Competitors in the mobile health market have been going gateway crazy over the last month. Back at the mHealth Summit in early December Qualcomm announced its new hub and platform for wirelessly enabling medical devices so that data can be collected from patients on behalf of healthcare providers, essentially positioning the Qualcomm product as a gateway for mobile health data. Shortly afterwards US vendor Lantronix  announced the launch of the EDS-MD, what it terms a medical device aggregator (essentially the same role as a gateway or indeed a hub). 

Collecting all this data also involves storing it somewhere, meaning the cloud.  Verizon Wireless announced at the summit that its new digital care management solution will be built on a cloud-based platform and connected devices from vendor partners such as Entra Health. The new year did not slowdown the spate of announcements. App developer iTriage (recently acquired by healthcare giant Aetna) announced it has integrated Microsoft’s Healthvault into its iPhone app (Android app to follow), so that users can access the health records from their smartphones. The developer’s co-founder Dr Peter Hudson explained the big picture was about “being the mobile aggregator for multiple PHRs in the future”.  Then this week Sprint and its vendor partner Ideal Life announced a new product they termed “a cellular pod” (aka aggregator, hub or gateway) that sits between a patient and healthcare provider.

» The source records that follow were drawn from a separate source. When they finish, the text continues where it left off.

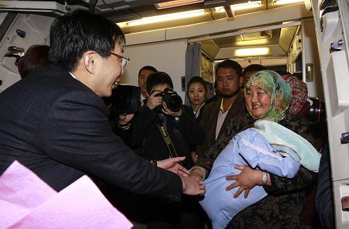 2月27日,抱着婴儿的张春兰第一个走下飞机,受到热烈欢迎。当日14时许,中国东方航空公司第一架撤离我在利比亚[LiBiYa]人员[RenYuan]包机MU268安全抵达上海[ShangHai]浦东国际机场。该航班共撤回272名滞留利比亚[LiBiYa]的中国公民,其中包含一名婴儿。第二架东航包机将于当日16时15分左右抵达上海[ShangHai]虹桥机场。新华社记者 裴鑫 摄
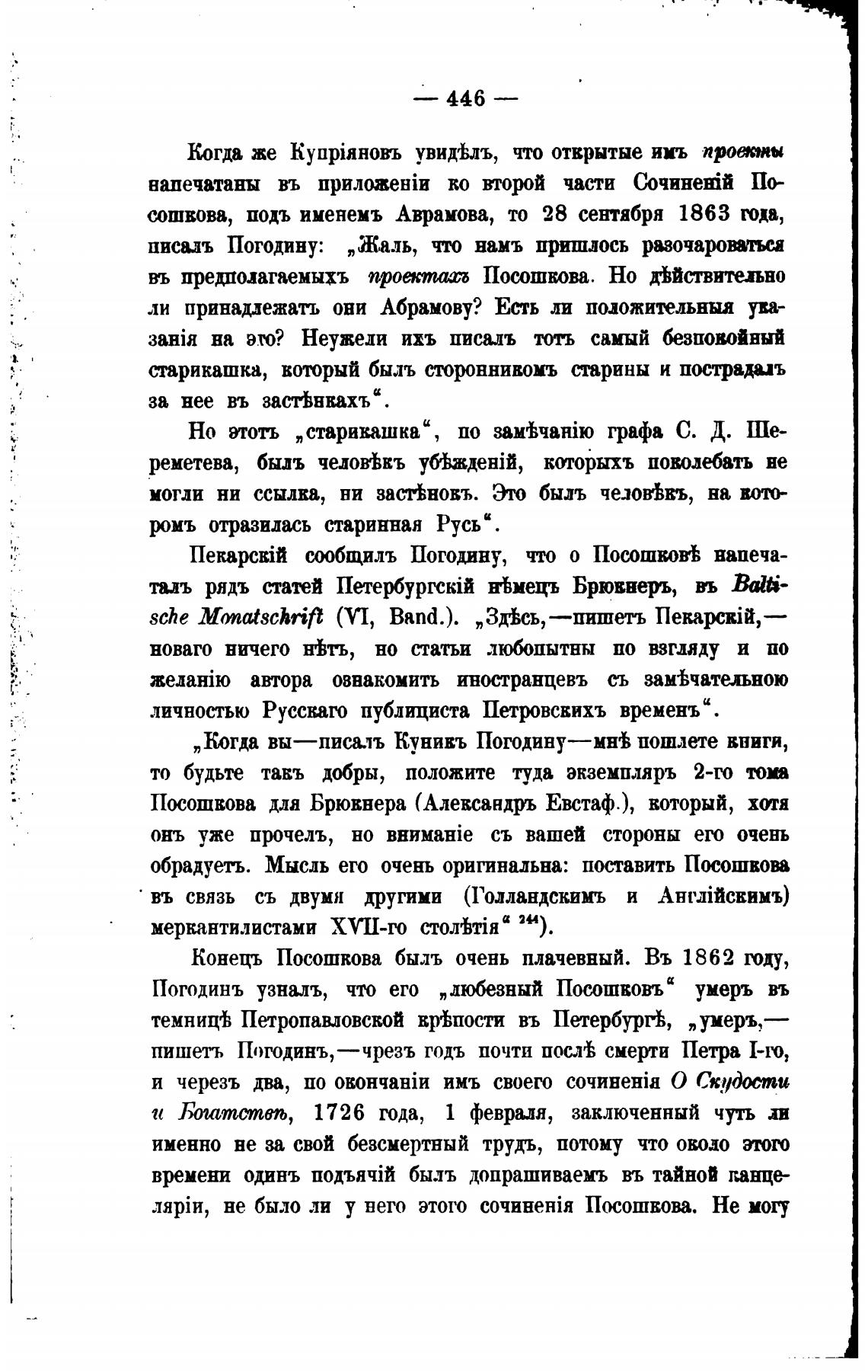 смщилъ Погодину, что о Посошвов•Ь напеча-
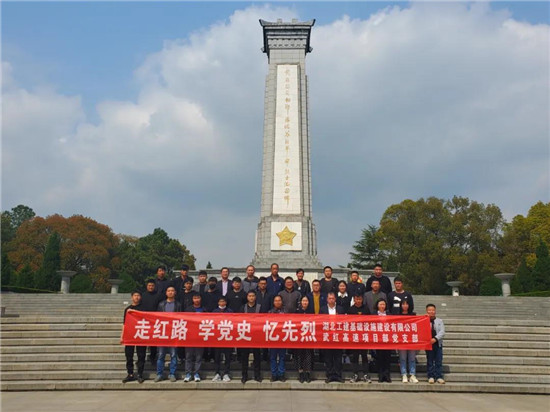當(dāng)天下午,武紅高速項目黨支部組織黨員、團(tuán)員和部分員工赴紅安縣紅色革命教育基地開展“走紅路、學(xué)黨史、憶先烈”主題黨日活動。在黃麻起義和鄂豫皖蘇區(qū)革命烈士紀(jì)念碑前,全體同志列隊肅立,向革命烈士及先輩鞠躬致敬,表達(dá)對革命烈士及先輩的深切悼念與崇高敬意。
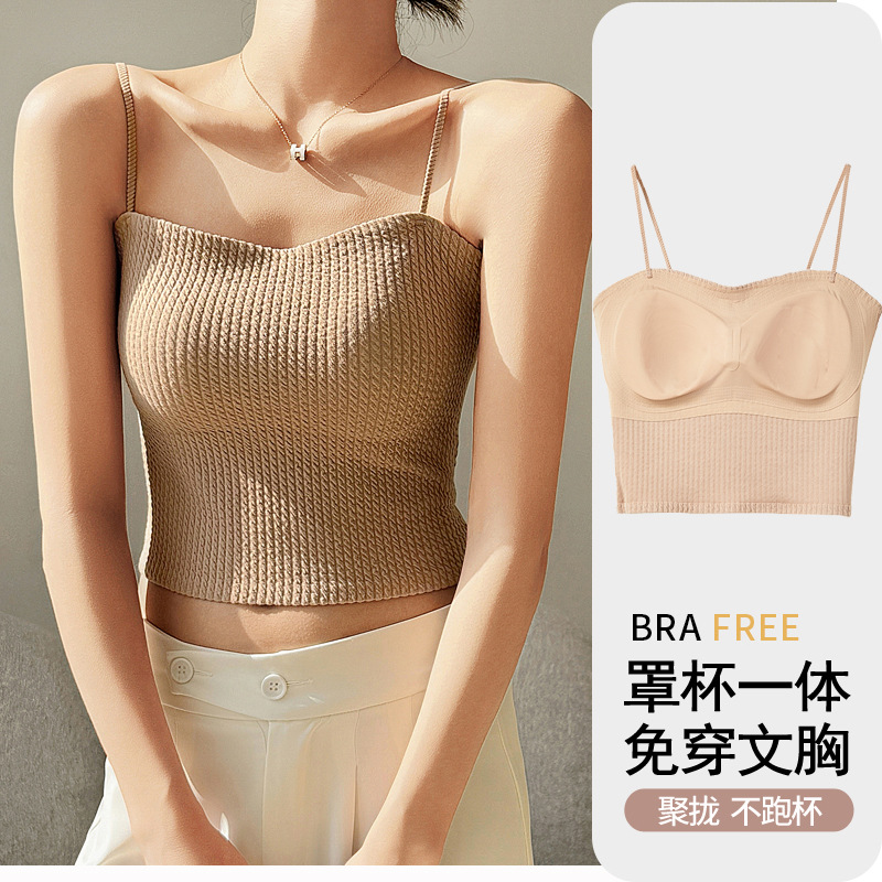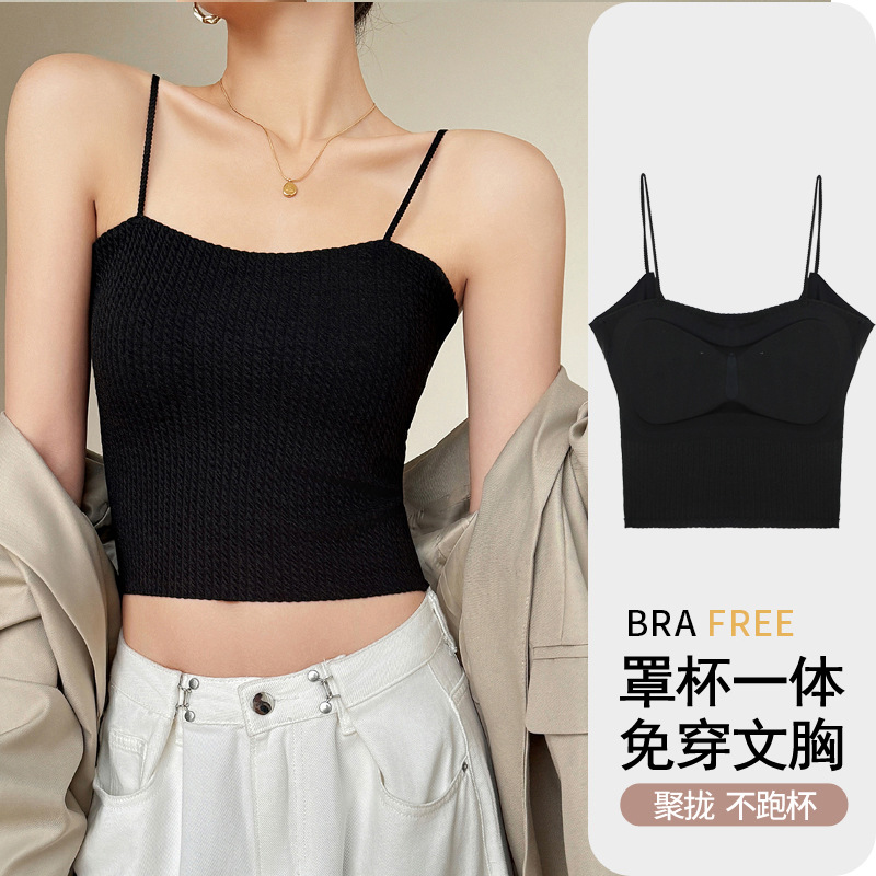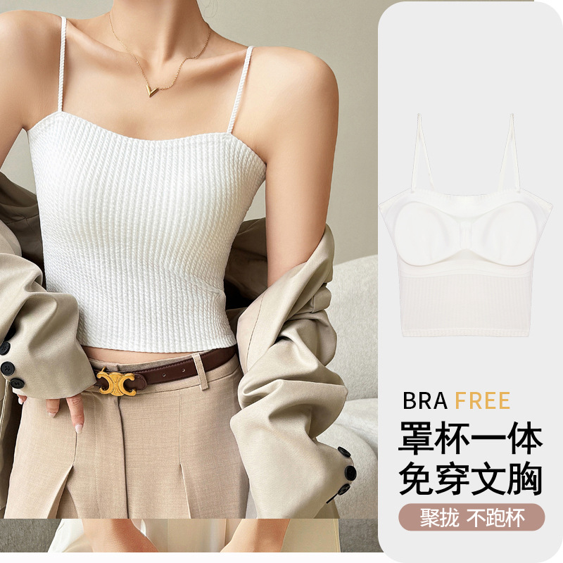 夏季吊带带胸垫一体杯女西装内搭打底无痕小背心外穿美背裹胸抹胸

Such services collect user data then make it accessible (via the cloud) to both patients and their physicians. That is one of their attractions.  As previously reported by Mobile Health Live. the other one is the ability for the company that runs the gateway to harvest the data flowing through it. Suitably anonymised such data has huge value for companies such as health providers or pharmaceutical manfacturers, hence the rush to enter the market.

In a note written last month Sam Lucero, ABI Research’s practice director for M2M connectivity, said both vendors and mobile operators “understand that a greater portion of the total value of a healthcare technology service offering is comprised of the management of the resulting data than in the gateway devices or connectivity services”.  That’s a chastening thought for the rivals. No one wants to miss out of course. Perhaps a series of healthcare gateways will emerge as the major players. Or there will be a role for a smaller number of gateways that pull together data from a range of smaller, specialist hubs or aggregators. Lucero casts the competition in terms of a battle between vendors and operators and knows which side will win. He thinks it likely that mobile operators will “leverage their greater market resources, including more general enterprise cloud service offerings to gain a distinct advantage” in mobile health. Either way the value of the market means it will be a tough fight.